The History of April Fool's Day

February 23, 2012
Do we ever really think about how the peculiar and comical tradition of April Fool’s Day started? Most people associate April Fool’s Day with minor pranks such as taping signs to another kids back or switching someone’s toothpaste with glue. It never occurs to us how April Fool’s Day originated from a certain point in history. To fully comprehend this holiday, we must understand how it originated, what the different parts of it are, how many different countries celebrate it, and why it is important to teens everywhere.

This holiday appears in many countries around the globe, but it is believed that it started with France. New Year’s Day was originally March 25-April 1. This changed after the Gregorian Calendar was created and New Year’s Day became January 1. In 1582, the communication wasn’t as efficient as it is today. Those close to France were able to receive this news much sooner than those further away. For some people, the news of the switched date for New Year’s Day didn’t reach them for several years. This slow communication caused the people to blunder and created this bizarre holiday.

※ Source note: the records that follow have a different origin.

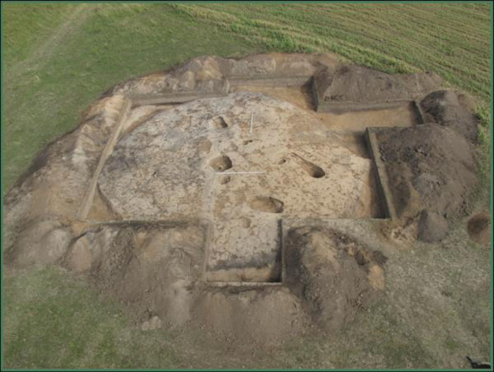 Летом 2011 г. Суздальской экспедицией Института археологии были открыты и исследованы остатки одной из курганных насыпей средневекового могильника у с. Шекшово в Суздальском Ополье. Курганный могильник в окрестностях с. Шекшово известен как один из крупнейших в центре Суздальской земли: в 1852 г. А.С.Уваровым здесь было раскопано 244 насыпи. Следов курганов в настоящее время не сохранилось, однако, зная расположение поселений, мы смогли локализовать примерное место могильника и выявить в одном из раскопов ровик, окружавший округлую в плане площадку размерами 17 х 18 м, на которой, по-видимому, находилась курганная насыпь. В центре площадки на уровне древней дневной поверхности расчищен боевой топор со следами серебряной инкрустации, сильно поврежденный коррозией, и серебряная подковообразная фибула с позолотой. Очевидно, эти вещи сопровождали мужское погребение, костные остатки которого не сохранились. Значение находки для изучения ранней истории Северо-Восточной Руси удалось в полной мере оценить после завершения реставрации топора, произведенной в лаборатории Государственного исторического музея В.А. Ширяковым. Под слоем коррозии выявился не только орнамент, но и тамгообразные княжеские знаки («знаки Рюриковичей»), прежде никогда не встречавшиеся на подобных предметах.
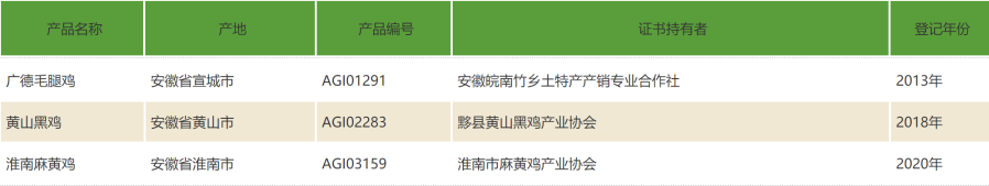 其实,像广德毛腿鸡这样的凡尔赛鸡在安徽还不止这一种,全安徽省一共有三种鸡都登记了农产品地理标志,属实是养鸡大省了。
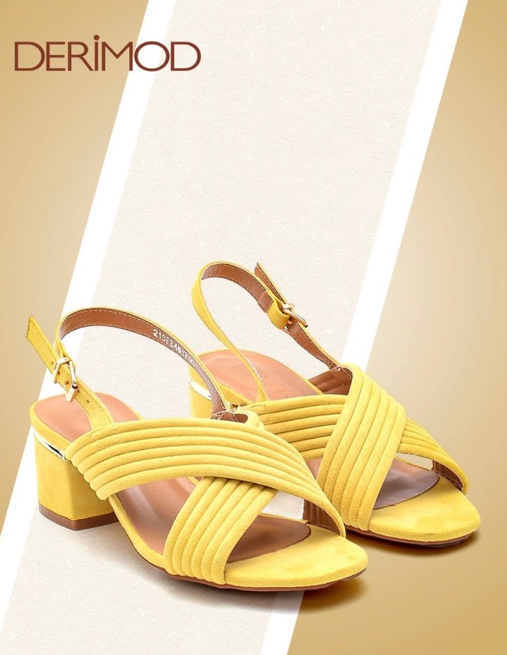 Derimod, pilili bantlı ve blok topuklu sarı süet sandalet. Topuk boyu 5.5 cm. Sayılı kullanıldı. İç tabanında hafif soyulmalar var. #derimod #süet

A small percentage of the populace rejected this new date and continued to celebrate New Year’s on its original date. The general populace ridiculed them and labeled these people “fools”. The ridicule extended into “fool errands”, invitations to non-existent parties, and other practical jokes. These pranks continued and became a regular event on April 1.

This tradition spread to other countries including England, Rome, India, Scotland, and Mexico. In England, the custom is to pull pranks only in the morning before noon. If you pull a prank after noon, you supposedly have bad luck. April Fool’s Day is known as the Festival of Hilaria in Rome. This celebration is based around the resurrection of their gods, Attis. The concept of this holiday is the same, but the “Roman Laughing Day” or Festival of Hilaria is actually celebrated March 25. India marks this occasion with the Huli Festival, which is celebrated March 31. During this festival, the populace does play practical jokes, but there is one major difference. The people also smear paint on one another to celebrate the coming of spring. The celebration in Scotland lasts two days. The kick me signs can be traced back to Scotland because this is how they celebrate the second day of April Fool’s Day. Mexico’s version of April Fool’s Day on December 28 is for remembering the children killed by King Herod. Pranks and practical jokes are involved.

For some teens, the planning has already begun for the ultimate pranks and practical jokes. This day gives every teenager the chance to be silly, while not being reprimanded for it. It isn’t just us teens that take part in this merriment. The adults like to have their own fair share of fun. Everyone has one day to be creative, enjoy a few laughs, and shout out “April Fool’s”! Personally, this holiday is even more interesting. April Fool’s happens to be my birthday and there are always a few small practical jokes at my expense. I participate anyway because I know that it makes everyone happy and that is what April Fool’s is all about.

There is so much more to April Fool’s Day than just a few pranks. Each country celebrates the unique holiday of April Fool’s Day in their own way. They are all linked together by how it all began and the practical jokes that are played. The entire purpose of this frivolous celebration is to have fun, be creative, and share a day of laughs with people you know.